DATA BLOCK
Content starts
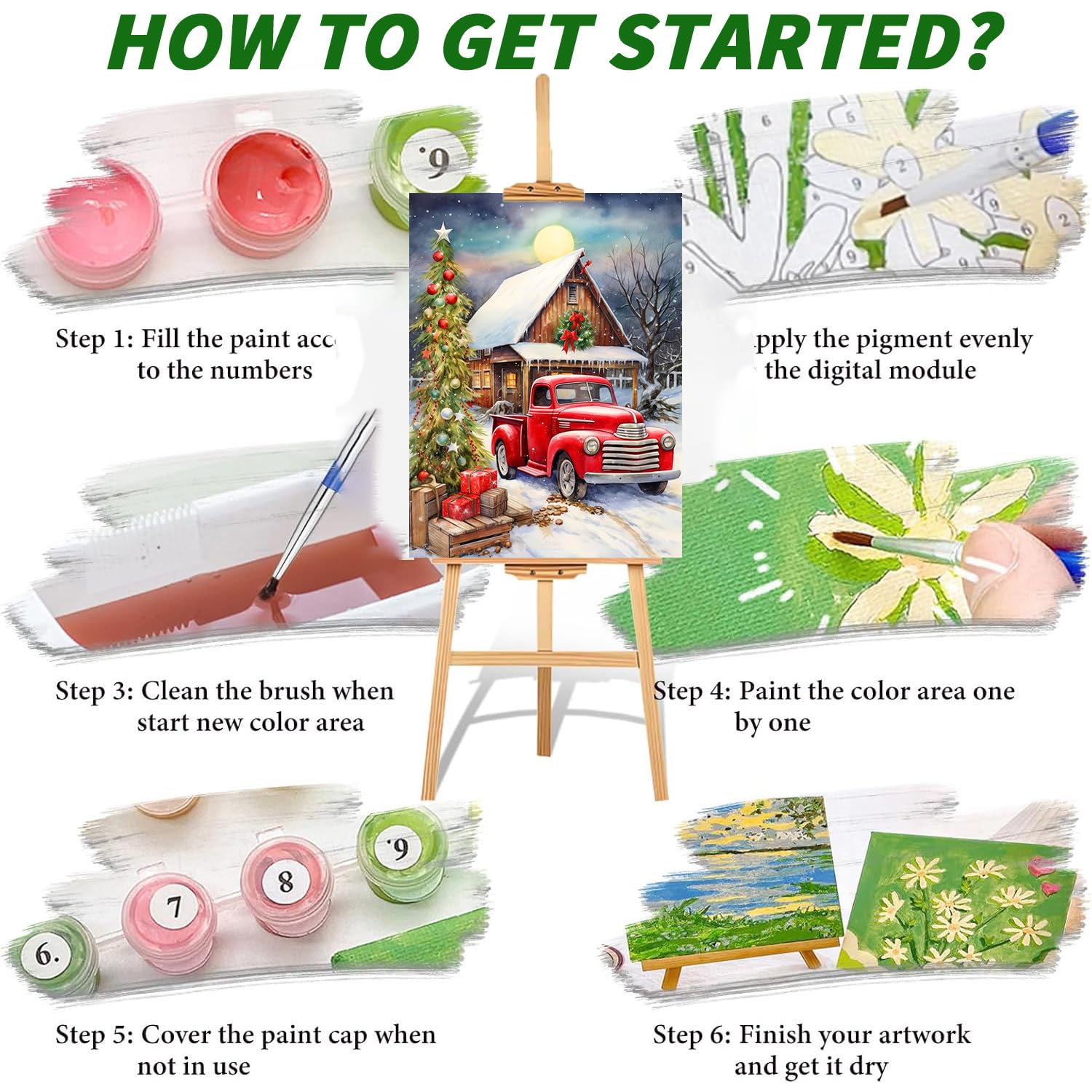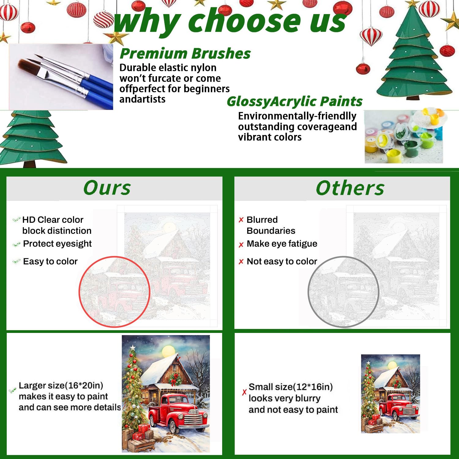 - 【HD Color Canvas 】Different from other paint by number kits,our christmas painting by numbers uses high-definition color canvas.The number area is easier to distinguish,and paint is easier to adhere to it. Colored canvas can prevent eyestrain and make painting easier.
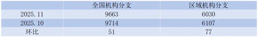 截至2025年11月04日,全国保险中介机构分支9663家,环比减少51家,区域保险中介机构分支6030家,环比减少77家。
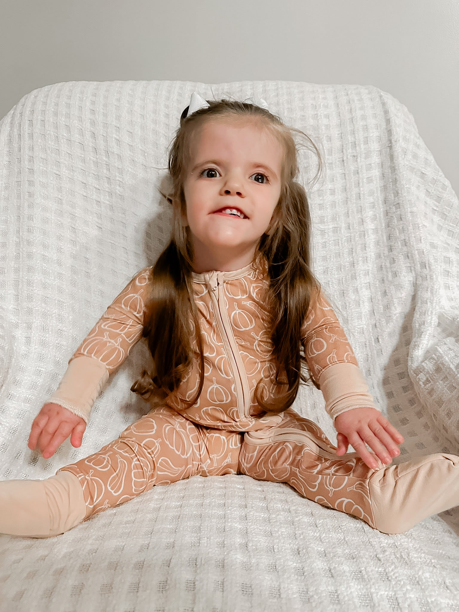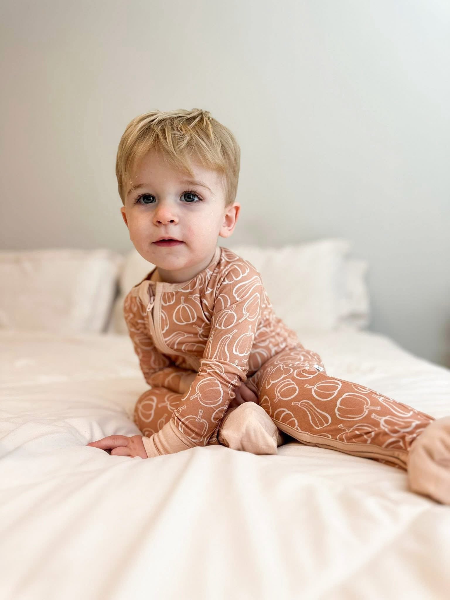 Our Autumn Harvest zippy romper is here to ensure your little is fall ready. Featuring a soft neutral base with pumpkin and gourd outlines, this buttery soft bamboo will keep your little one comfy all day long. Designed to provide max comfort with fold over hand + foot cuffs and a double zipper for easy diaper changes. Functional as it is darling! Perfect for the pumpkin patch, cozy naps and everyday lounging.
Content ends
WHAT THE TASK ASKS
Please extract exactly the lines of the data, from the first through the line containing "截至2025年11月04日,全国保险中介", and add no pictures to the copy.

OUTPUT OF THE TASK
 - 【HD Color Canvas 】Different from other paint by number kits,our christmas painting by numbers uses high-definition color canvas.The number area is easier to distinguish,and paint is easier to adhere to it. Colored canvas can prevent eyestrain and make painting easier.
 截至2025年11月04日,全国保险中介机构分支9663家,环比减少51家,区域保险中介机构分支6030家,环比减少77家。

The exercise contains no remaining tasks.